9. The Director General, Directorate of Revenue Intelligence and the Additional Director General are up in appeal against this common judgment and order. One appeal has been preferred in each writ application.
10. Common arguments were made by both learned counsel, in the appeals. I propose to dispose of all the appeals by this common judgment.
11. The argument before the learned trial judge centered around whether the Additional Director General issuing the show-cause notice could be termed as a proper officer under the said Act, the proper officer being the only authorised officer to issue such a notice. On appeal this point was almost abandoned and a new point was raised by Mr. Shaktinath Mukherjee, learned senior advocate for the respondent writ petitioners, to which I shall refer immediately. Although this point was not raised before the court below, we entertained this argument on appeal, instead of remanding the matter back to the trial court for these reasons. We accepted the submission that this point was substantially a pure question of law. To decide on this point some rules and notifications had to be gone into which the appeal court could easily do. If that was done then the dispute between the parties would be finally resolved.
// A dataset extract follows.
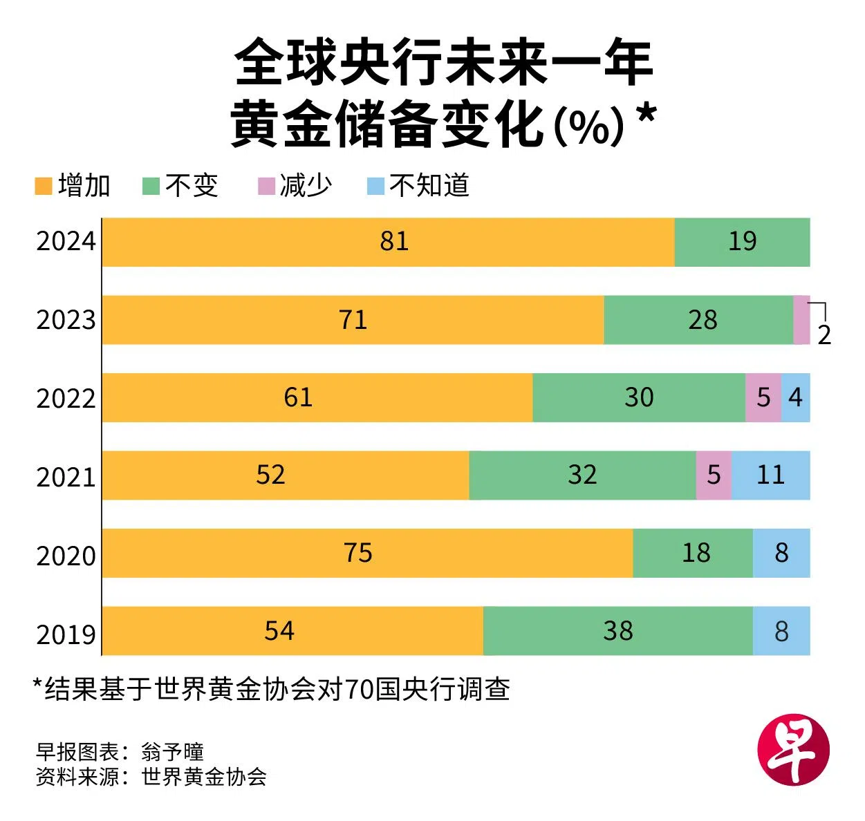 一项调查显示,近三成央行预计未来一年继续增加黄金储备,反映在金价高企的背景下,不少央行仍持续看好黄金。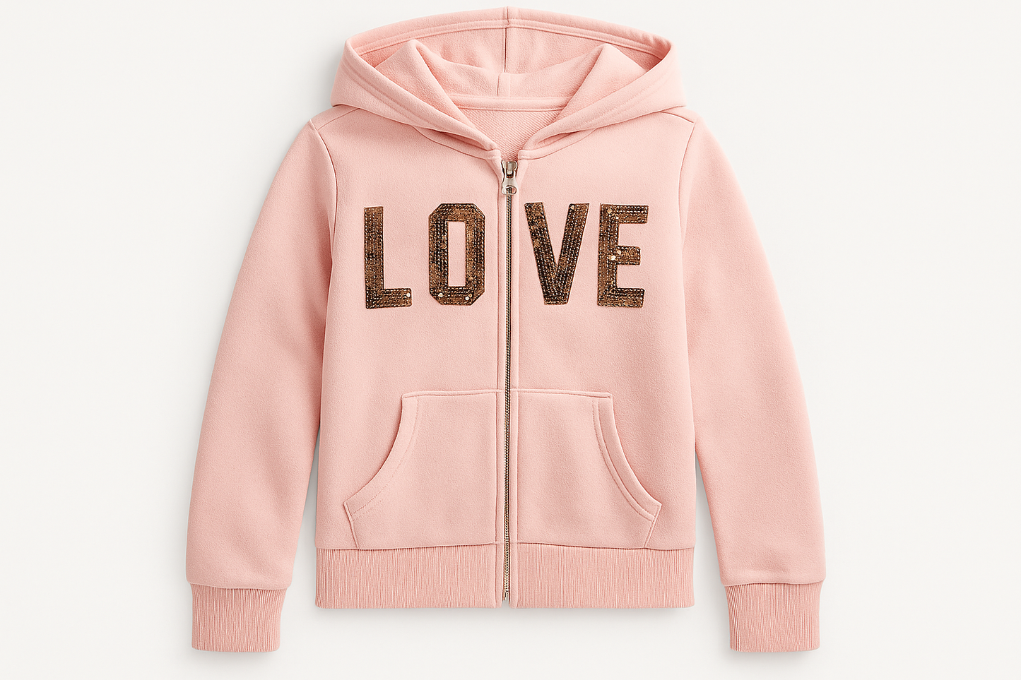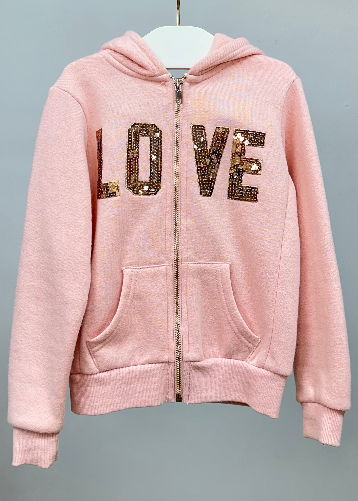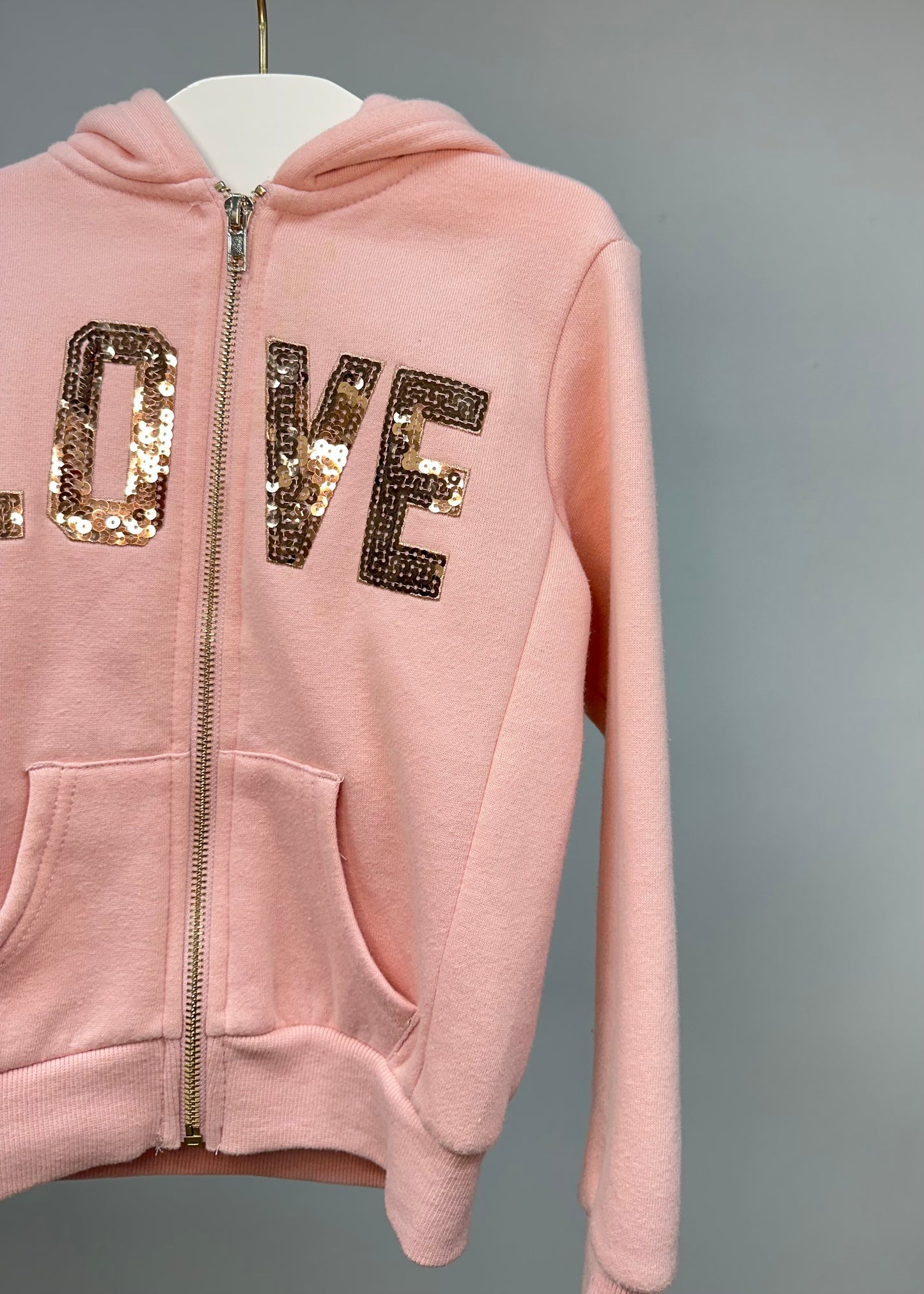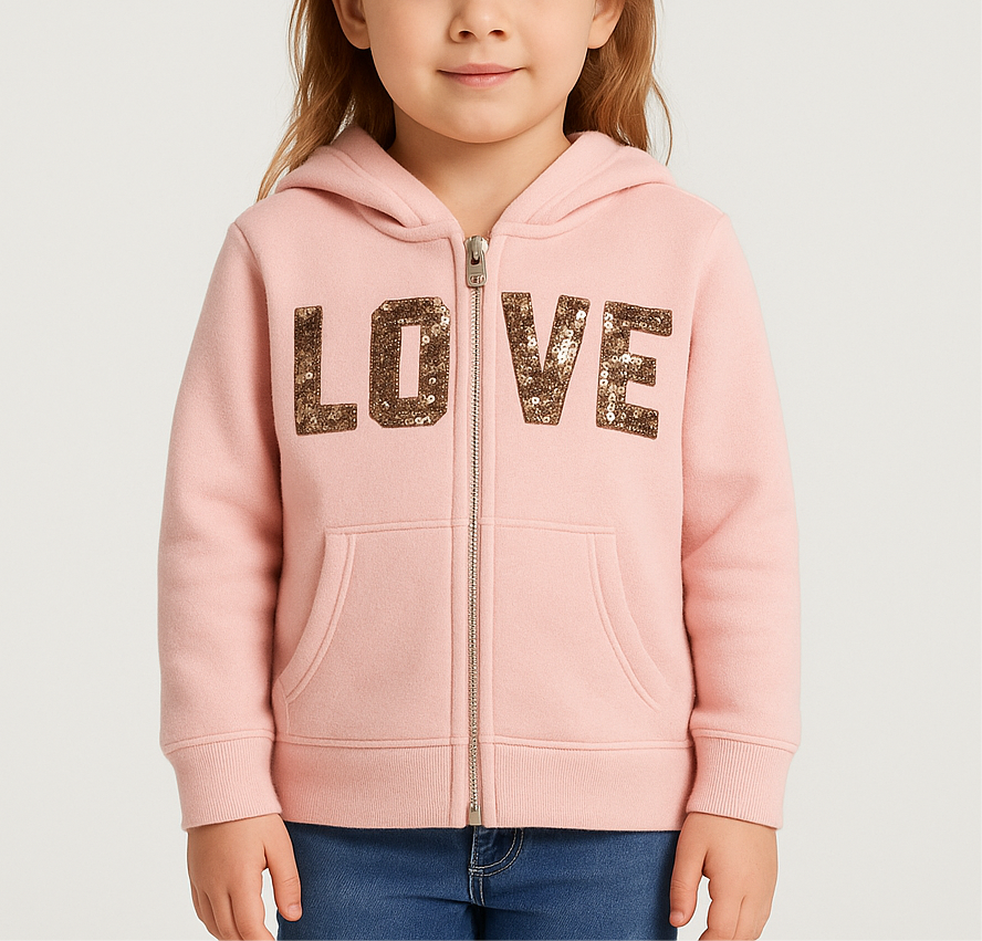 Sudadera Hoodie de niña Reflex Kids🐻 color rosado y diseño en lentejuelas doradas con capucha Talla 5

12. Mr. Kapur, learned senior counsel for the appellants was very firm in his submission that because of the impugned judgment and order the entire process of issuance and adjudication of show-cause notices in customs and allied matters was thrown into jeopardy. He placed the said Act, the notifications under Section 4 thereof, rules under Article 309 of the Constitution of India and the various departmental orders referred to below. There was not a tinge of invalidity in the show cause notice or the proceedings under it. On the contrary, it was issued under proper authority, he said.
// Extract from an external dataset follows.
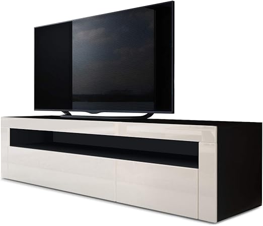 Vladon Tv Stand Unit Valencia Carcass In Black Matt Front In Cream High Gloss With A Frame In Cream High Gloss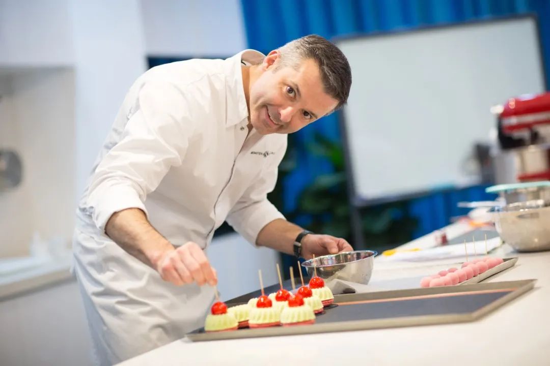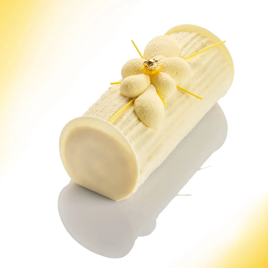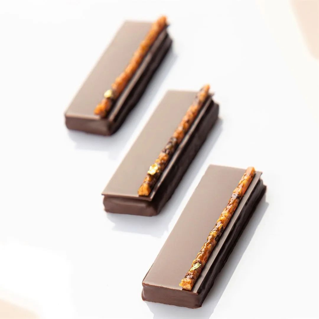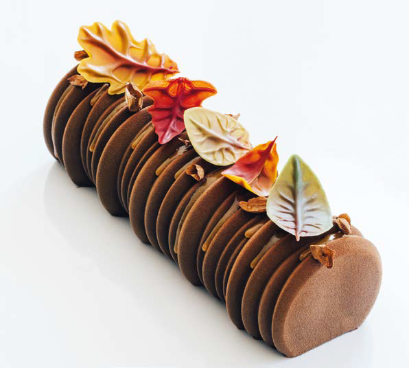 提示:↑点击上方"世界烘焙配方"快速关注cription-url="https://mmbiz.qpic.cn/mmbiz_jpg/PR7JPt3C5zawKVqAvnVjgkJkKicO3wLSfvxkngAAoDWUqJLBBmuPX3tz9EErvItMfV2IGR6HnCYhZnibRA6KM6Ww/0?wx_fmt.jpeg" data-cropselx1="0" data-cropselx2="578" data-cropsely1="0" data-cropsely2="255" data-ratio="1" data-s="300,640" src="http://www.yinpinjie.com/file/upload/202303/11/164951381.png" data-type="png" data-w="1080" />黄金焦糖劈柴,内有梨,非一般梨!来自chef Sébastien Serveau(下图)。amgr☜今日配方下载提取码每天20:30更新,每篇文末左下角“阅读原文”点击进入均可下载当日配方、视频或图片文件,省去大家自己复制黏贴的麻烦,配方文件无任何水印设置;“提取码”因近日度娘抽风搞怪,暂不提供无码下载服务,只能按她的规矩来,所以下载之前先把这个“提取码”复制一下~另外,部分地区可能因为某些不可抗原因导致无法直接点击阅读原文,可以在文末的【置顶留言】中找到链接和提取码。焦糖梨子巧克力劈柴蛋糕CHOCOLATEPEAR CARAMELLOGbySébastien Serveau模具:Kit Ali di Fata pour Bûche de Noël - SILIKOMART®(下图)配方量:2个焦糖梨子【860克】200 克……细砂糖 75 克……水375 克……热水160 克……梨子(不要太熟的) 50 克……柠檬汁制作:1、将75克水与细砂糖在厚底平底锅内加热至195℃煮成焦糖。2、同时,将梨子去皮切十等份,放入柠檬汁内。3、将375克热水缓慢冲入“步骤1”的焦糖内将焦糖融化,并再次煮沸,然后将过滤后的梨子放入。4、再次煮沸后,放入密封容器中,室温冷却后,放入冷藏12小时。注意:糖要快速加热以免过度着色。焦糖奶油【410.5克】220 克……35%淡奶油 20 克……葡萄糖浆0.5 个……香草荚100 克……细砂糖 50 克……蛋黄 20 克……吉利丁冻(200Bloom)制作:1、将淡奶油、葡萄糖浆和香草(剖开刮籽)煮沸。2、将细砂糖在厚底平底锅中加热至190℃,煮成干焦糖,然后将“步骤1”热的液体分次冲入将干焦糖融化。3、倒在打散的蛋黄上,搅拌均匀,然后再倒回锅内加热搅拌制成82℃的英式奶酱,加入吉利丁冻拌融。4、保鲜膜贴面密封,静置待用。注意:“步骤2”操作时,热的液体要分次缓慢冲入,以免溅起烫伤。巧克力海绵蛋糕【443克】 50 克……蛋黄130 克……全蛋 50 克……细砂糖 40 克……红糖#1 80 克……蛋白 35 克……红糖#2 30 克……T45面粉 28 克……可可粉制作:1、将蛋黄、全蛋、细砂糖和40克红糖混合打发。2、同时将蛋白与35克红糖打发为蛋白霜。3、将两者混合拌匀后,加入混合过筛的粉类拌匀。4、倒入60x40cm的烤盘中(半盘量),入烤箱以190℃烘烤约8分钟。5、出炉冷却后,裁切为2个24x11.5cm和2个24x4cm的长方形待用。夹心组装1、将硅胶模具内铺入一片24x11.5cm的长方形巧克力海绵蛋糕。2、挤入80克焦糖奶油,放入80克切丁梨子。3、再挤入80克焦糖奶油,然后放上一片24x4cm的长方形巧克力海绵蛋糕封底,冷冻。杏仁巧克力酥脆片【240克】50 克……32%黄金牛奶巧克力70 克……栗子帕林内(50%)50 克……杏仁碎70 克……花生碎制作:1、将杏仁碎和花生碎入烤箱以150℃烘烤约20分钟。2、将巧克力融化加入栗子帕林内拌匀,加入烤熟的坚果碎拌匀,涂抹为4毫米厚度均匀片状,冷藏。3、裁切为24.5x5.5cm的长方形,静置待用。注意:巧克力融化温度不要超过35℃,此温度内加入帕林内混合会获得最佳状态。黄金巧克力焦糖慕斯【1488.7克】100 克……细砂糖225 克……35%淡奶油#1 60 克……蛋黄0.7 克……细盐 53 克……吉利丁冻(200Bloom)375 克……黄金巧克力675 克……35%淡奶油#2制作:1、将675克淡奶油打发至软尖峰状态。2、将砂糖煮至190℃的干焦糖,缓慢冲入另外225克煮热的淡奶油将焦糖融化。3、冲入打散的蛋黄中搅拌均匀后倒回锅内中小火加热至82℃,期间保持不间断搅拌(即制作英式奶酱),然后加入盐和吉利丁冻拌匀。4、分三次冲入巧克力中,用搅拌器搅拌至顺滑。5、降温至40℃时,将“步骤1”打发的淡奶油搅入轻轻拌匀。黄金巧克力甘纳许【305克】 55 克……35%淡奶油#1 10 克……葡萄糖浆 10 克……转化糖浆 80 克……32%黄金牛奶巧克力150 克……35%淡奶油#2制作:1、将55克淡奶油与葡萄糖浆、转化糖浆混合煮沸。2、倒在巧克力上,用手持均质机充分搅拌乳化至光滑细腻。3、再将另外150克液态冷藏淡奶油加入乳化,冷藏至少4小时后打发使用。黄金巧克力片【50克】50 克……32%黄金牛奶巧克力制作:1、巧克力融化调温后涂在透明塑料片上。2、裁切为2个24x2cm的长条形,覆盖上另一张透明塑料片,静置待凝固结晶。镜面淋面【550克】500 克……镜面果胶 50 克……水制作:1、全部混合加热,最佳使用温度为80℃。组装&装饰1、将“巧克力海绵蛋糕”铺入小号的夹心模具内。2、挤入80克“焦糖奶油”。3、铺入过滤后的“焦糖梨子”,然后再挤入80克“焦糖奶油”,速冻。4、在模具内挤入500克“黄金巧克力焦糖慕斯”,放入冷冻脱模的“步骤3”夹心,轻轻按压后铺上一片“杏仁巧克力酥脆片”。5、脱模后,放上长条形的“黄金巧克力片”,并在巧克力片上挤“黄金巧克力甘纳许”。6、裁切整齐(按所需长度)。7、两端装饰巧克力,表面点缀金箔纸。喜欢原汁原味,继续看CHEF的法语版amgr☜今日配方下载提取码每天20:30更新,每篇文末左下角“阅读原文”点击进入均可下载当日配方、视频或图片文件,省去大家自己复制黏贴的麻烦,配方文件无任何水印设置;“提取码”因近日度娘抽风搞怪,暂不提供无码下

13. A new point introduced in appeal by Mr. Mukherjee was that under Section 4 of the said Act an officer of the Directorate of Revenue Intelligence could be appointed as a customs officer but that officer had to be first recruited or selected as a customs officer under the rules made by the central government under Article 309 of the Constitution of India and thereafter placed in the customs hierarchy in accordance with the said rules before he could exercise the functions of a customs officer under Section 4 read with Section 124 of the said Act.
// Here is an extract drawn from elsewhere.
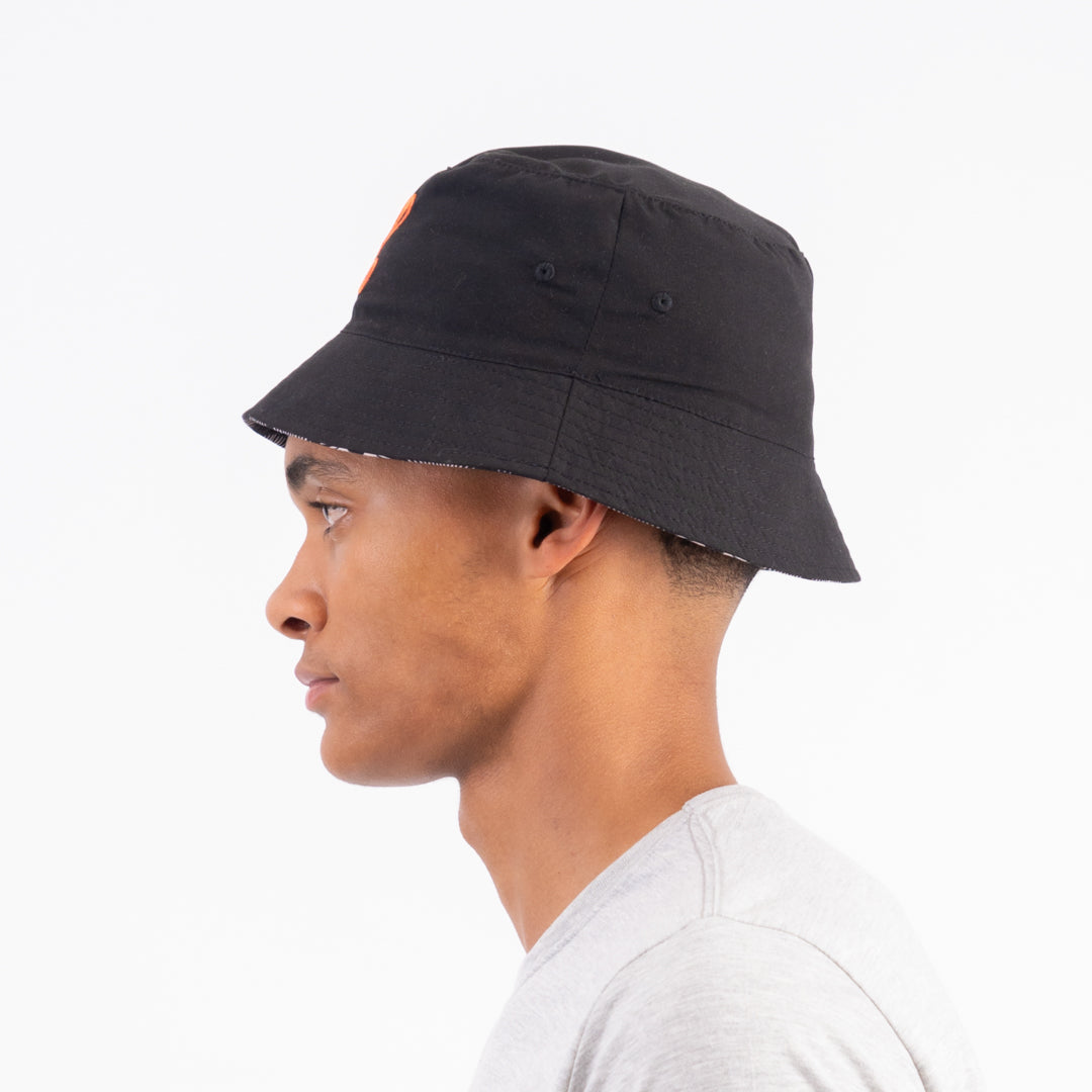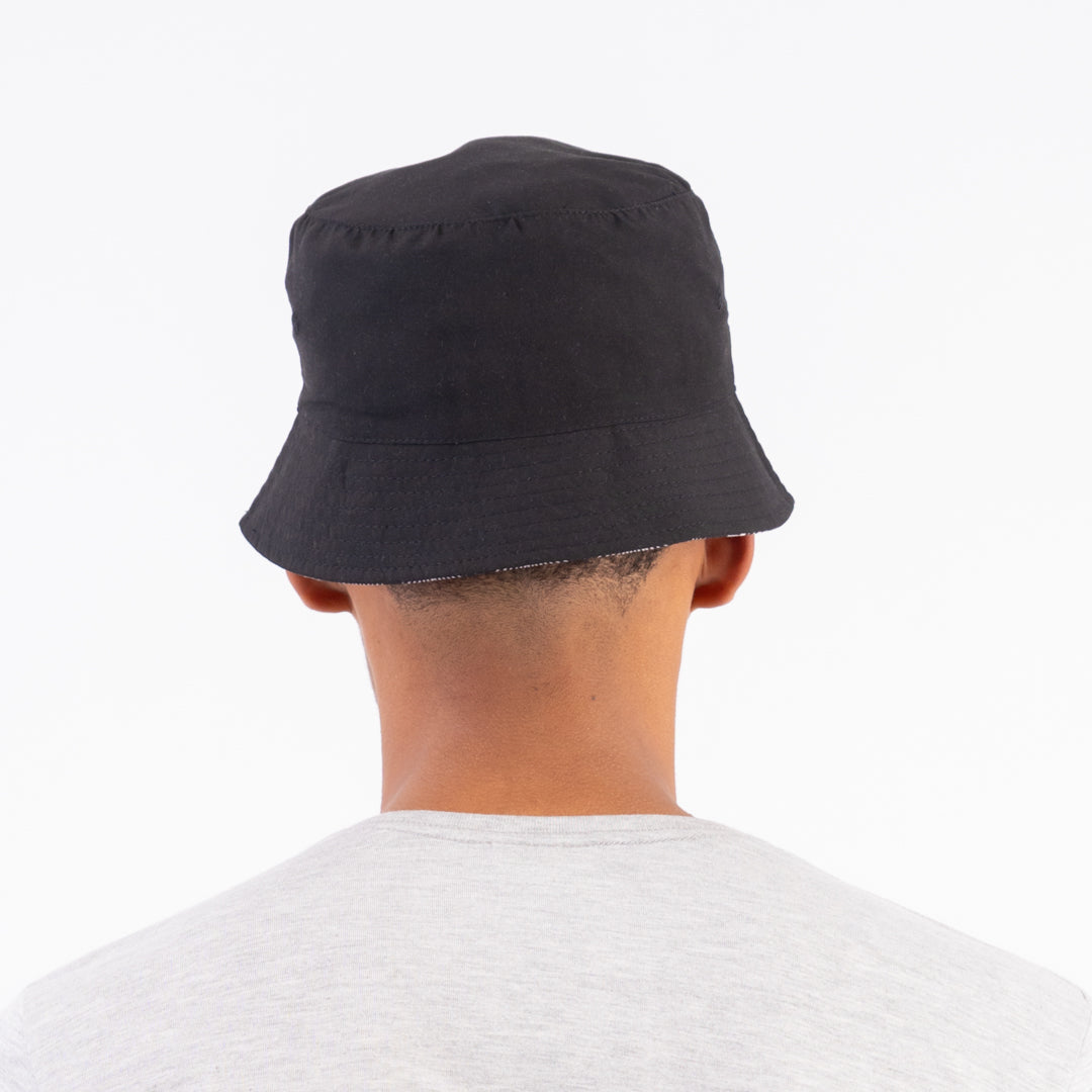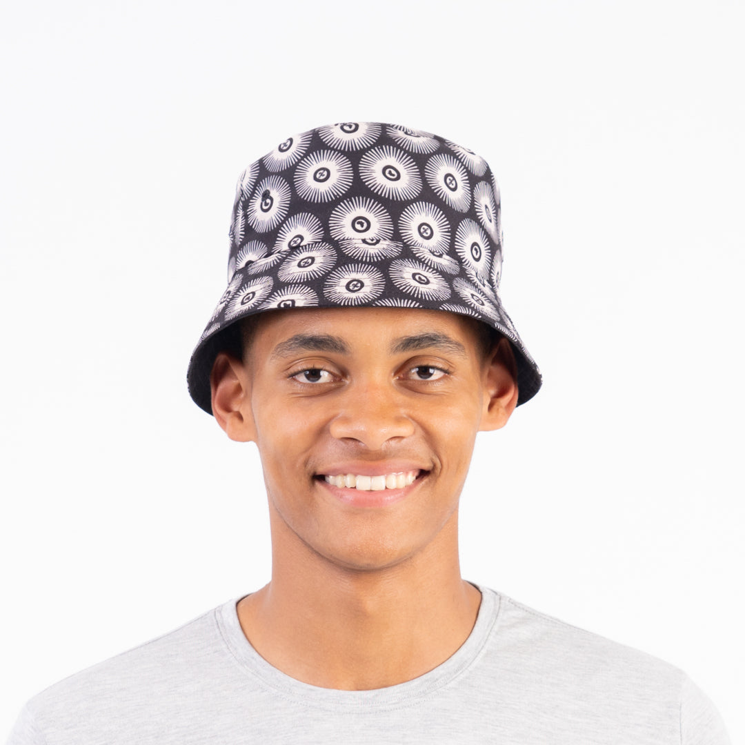 The Dot Swhe Swhe Bucket Hat is super versatile being fully reversible with African inspired print on one side and plain black on the other side with a small H embroidery.

Discussion of Arguments and my findings:-
14. Let me read Article 309 of the Constitution of India. It is set out below:-
309. Recruitment and conditions of service of persons serving the Union or a State.- Subject to the provisions of this Constitution, Acts of the appropriate Legislature may regulate the recruitment, and conditions of service of persons appointed, to public services and posts in connection with the affairs of the Union or of any State:
Provided that it shall be competent for the President or such person as he may direct in the case of services and posts in connection with the affairs of the Union, and for the Governor of a State or such person as he may direct in the case of services and posts in connection with the affairs of the State, to make rules regulating the recruitment, and the conditions of service of persons appointed, to such services and posts until provision in that behalf is made by or under an Act of the appropriate Legislature under this article, and any rules so made shall have effect subject to the provisions of any such Act."
15. Section 4 of the said Act is entitled "Appointment of officers of customs". It provides that the Board (Central Board of Indirect Taxes and Customs) may appoint such persons as it thinks fit to be officers of customs. Section 5 lays down that an officer of Customs may exercise the powers and discharge the duties conferred or imposed on him under this Act. Section 3 specifies the classes of customs officers as follows:
3. Classes of officers of customs
There shall be the following classes of officers of customs, namely:
(a) Principal Chief Commissioner of Customs;
(b) Chief Commissioners of Customs;
(c) Principal Commissioners of Customs;
(d) Commissioners of Customs;
(e) Commissioners of Customs (Appeals);
(f) Joint Commissioners of Customs;
(g) Deputy Commissioners of Customs;
(h) Assistant Commissioners of Customs;
(i) such other class of officers of customs as may be appointed for the purposes of this Act."
16. On 7th July, 1997, in exercise of the powers conferred on it by sub-section 1 of Section 4 of the said Act, the Central Government inter alia, appointed all officers of the Directorate of Revenue Intelligence as officers of Customs. By a subsequent notification dated 7th March, 2002 inter alia the Additional Director General of Revenue Intelligence was appointed as the Principal Commissioner of Customs or Commissioner of Customs.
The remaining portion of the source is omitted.